#### Exercise data

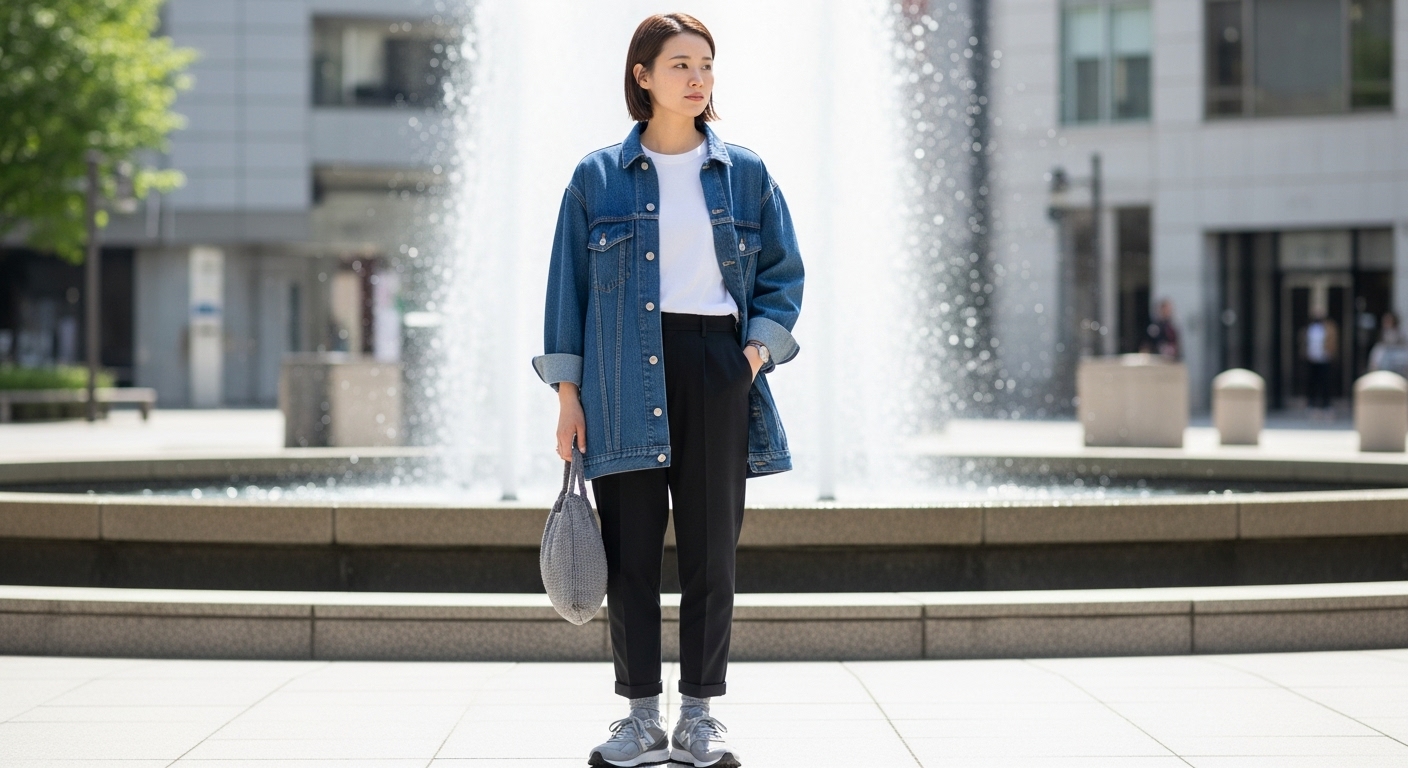 足元をスニーカーにすることで、通勤時の歩きやすさも確保できます。バッグはシンプルなトートバッグやレザーバッグを選ぶと、全体のバランスが良くなりますよ。
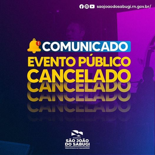 Decidimos cancelar a festa de Emancipação Política e Réveillon do município de São João do Sabugi. Mesmo com a campanha de vacinação avançando e os poucos casos de COVID-19 no município, precisamos resguardar nossa população. Nossa vontade era realizar a festa, porém, não podemos arriscar. A vida vem sempre em primeiro lugar.
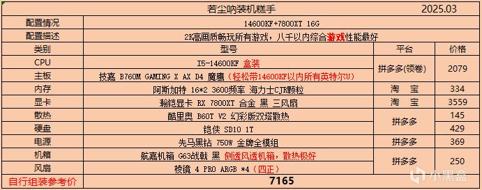 五、7000-8000價位,這個價位,目前因爲顯卡原因,我就不過多列舉配置單,這裏只展示二種不同類型搭配,有需要的盒友可借鑑:
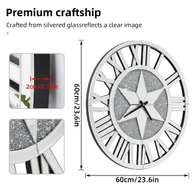 - 【Silver Crystal Clock】Wanna get a unique wall clock design for any occasion? Get this item that won’t be disappointed, the clock crafted from beveled silver glass mirrors with little bling crush diamond, looks beautiful while reflecting natural lights and clear images well, hand-polished edge won’t hurt your hands, with a durable MDF board supports the frame, remains sturdy for use
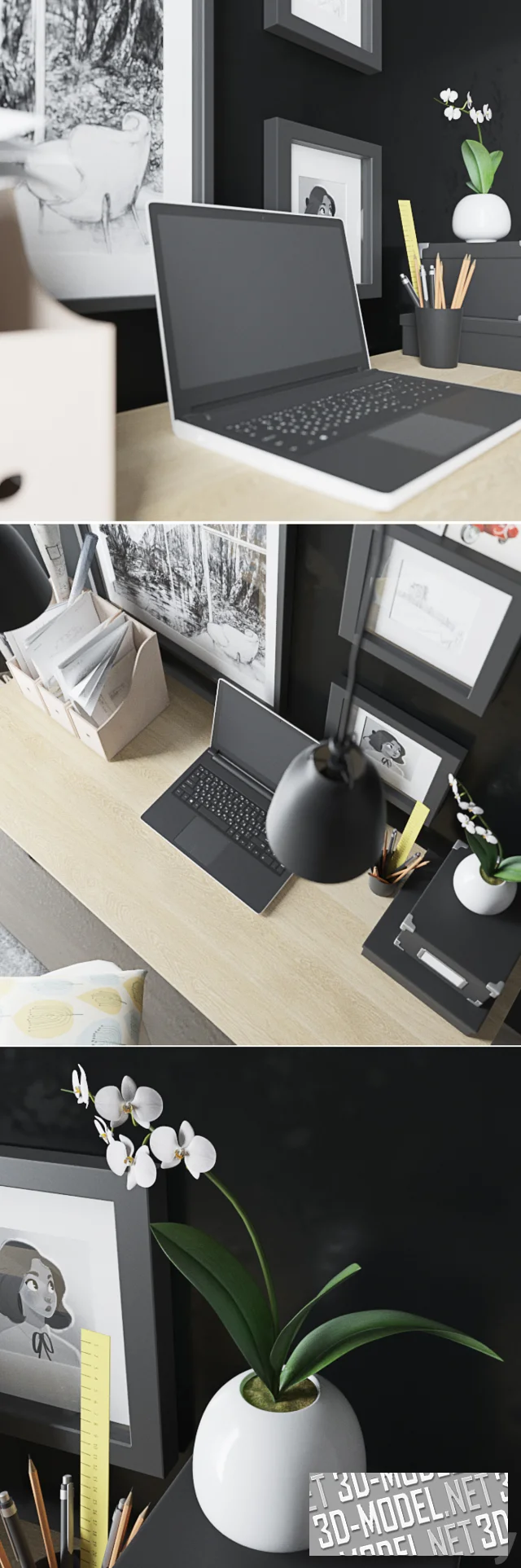 Под столом большой пакет из крафтовой бумаги, заполненный свернутыми постерами. На поверхности стола находится раскрытый ноутбук, холдеры с бумагами, черные коробки, черный стакан с линейкой, карандашами и ручками, горшок с белой орхидеей. Над столом два светильника с черными металлическими колоколами рефлекторов. На стене черно-белые панно в графитово-серых рамках и небольшие художественные работы без рамок. На полу расстелен серый тонкий ковер.

########

Work to complete: From the line containing "- 【Silver Crystal" to the end of the listing, restate each line word for word and nothing more; the pictures stay out.

Solution to the problem:
 - 【Silver Crystal Clock】Wanna get a unique wall clock design for any occasion? Get this item that won’t be disappointed, the clock crafted from beveled silver glass mirrors with little bling crush diamond, looks beautiful while reflecting natural lights and clear images well, hand-polished edge won’t hurt your hands, with a durable MDF board supports the frame, remains sturdy for use
 Под столом большой пакет из крафтовой бумаги, заполненный свернутыми постерами. На поверхности стола находится раскрытый ноутбук, холдеры с бумагами, черные коробки, черный стакан с линейкой, карандашами и ручками, горшок с белой орхидеей. Над столом два светильника с черными металлическими колоколами рефлекторов. На стене черно-белые панно в графитово-серых рамках и небольшие художественные работы без рамок. На полу расстелен серый тонкий ковер.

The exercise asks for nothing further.